Along with these four basic types, custom attribute-mappings support the concept of an optional default value assignment. The default value assignment ensures that a target attribute is populated with a value if there's not a value in Microsoft Entra ID or on the target object. The most common configuration is to leave this blank. For more information about mapping attributes, see How Application Provisioning works in Microsoft Entra ID.

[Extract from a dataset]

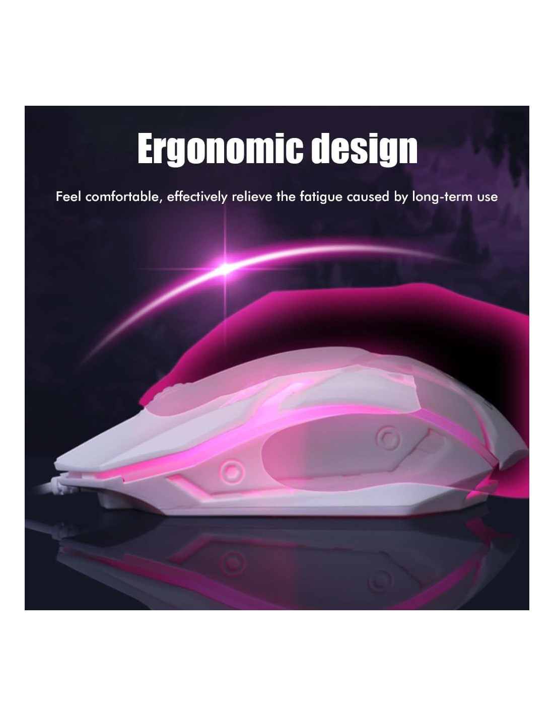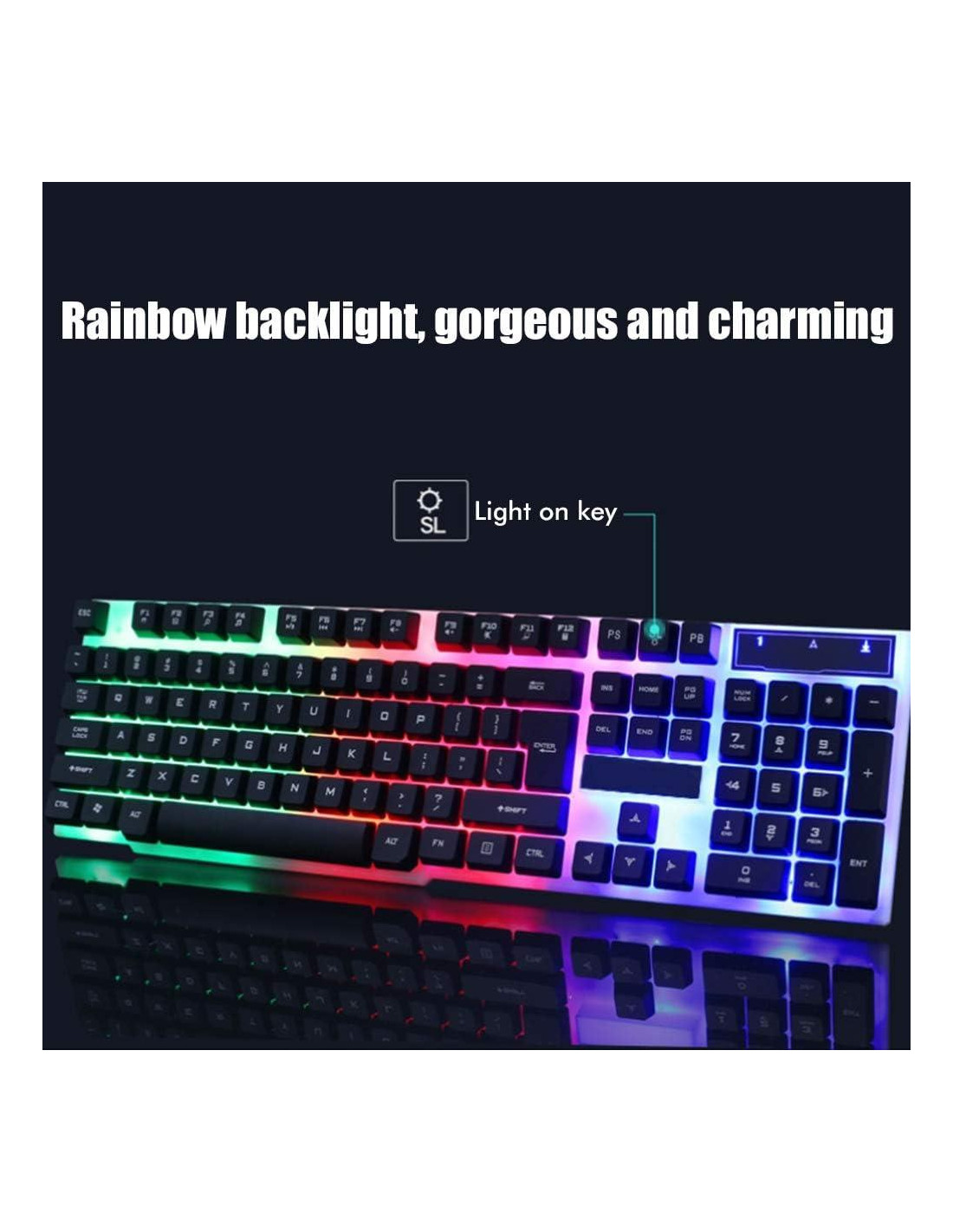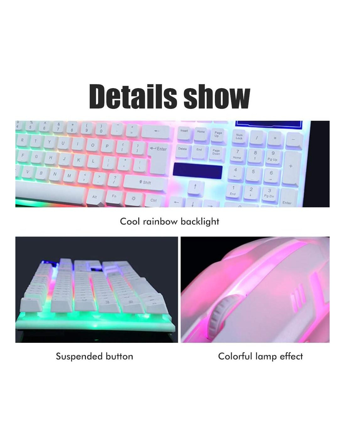 [Iluminación Colorida] Disfruta de una experiencia de juego dinámica con luces LED controladas por el bloqueo de desplazamiento. [Construcción] Construido con material ABS grueso para una durabilidad prolongada, asegurando un rendimiento. [Conjunto Gaming] Nuevo con iluminación LED vibrante, para jugadores de todos los niveles. [Uso Versátil] Ideal tanto para trabajo de oficina como para juegos en línea, atendiendo a una amplia gama de usuarios. [Rendimiento Mejorado] Velocidad de respuesta rápida, diseño ergonómico y bajo consumo de energía para una sesión de juego cómoda y eficiente. Especificaciones: Este es un teclado y ratón gaming robótico, con sonido claro, buena sensación y experiencia de usuario similar a un teclado mecánico. Control rápido de varias funciones, diseño ergonómico, cómodo. Compatible con Vista, 7, ME, 2000 y OS...o la última versión, ámbito de aplicación: PC de escritorio portátil. Material de la carcasa: plástico ABS Color: negro, blanco Puerto de interfaz: USB Resolución óptica: 1000dpi Número de teclas del teclado: 104 teclas Ámbito de aplicación: computadora de escritorio/portátil: Ratón: 7 * 12.5cm / 2.8 * 5 pulgadas (7 * 12.5cm) Teclado: 43 * 12.6 * 3cm / 17.0 * 5 * 1.2 pulgadas (43 * 12.6 * 3cm) Compatible con Vista, 7, ME, 2000 y OS...o la última, ámbito aplicable: PC de escritorio portátil Paquete incluido: 1*teclado gaming 1*ratón gaming

Understanding attribute-mapping properties

In the previous section, you were introduced to the attribute-mapping type property. Along with this property, attribute-mappings also supports the attributes:

  • Source attribute - The user attribute from the source system (example: Microsoft Entra ID).
  • Target attribute – The user attribute in the target system (example: ServiceNow).
  • Default value if null (optional) - The value that is passed to the target system if the source attribute is null. This value is only provisioned when a user is created. The "default value when null" isn't provisioned when updating an existing user. For example, add a default value for job title, when creating a user, with the expression: Switch(IsPresent([jobTitle]), "DefaultValue", "True", [jobTitle]). For more information about expressions, see Reference for writing expressions for attribute mappings in Microsoft Entra ID.
  • Match objects using this attribute – Whether this mapping should be used to uniquely identify users between the source and target systems. Used on userPrincipalName or mail attribute in Microsoft Entra ID and mapped to a username field in a target application.
  • Matching precedence – Multiple matching attributes can be set. When there are multiple, they're evaluated in the order defined by this field. As soon as a match is found, no further matching attributes are evaluated. While you can set as many matching attributes as you would like, consider whether the attributes you're using as matching attributes are truly unique and need to be matching attributes. Generally customers have one or two matching attributes in their configuration.
  • Apply the mapping.
    • Always – Apply this mapping on both user creation and update actions.
    • Only during creation - Apply this mapping only on user creation actions.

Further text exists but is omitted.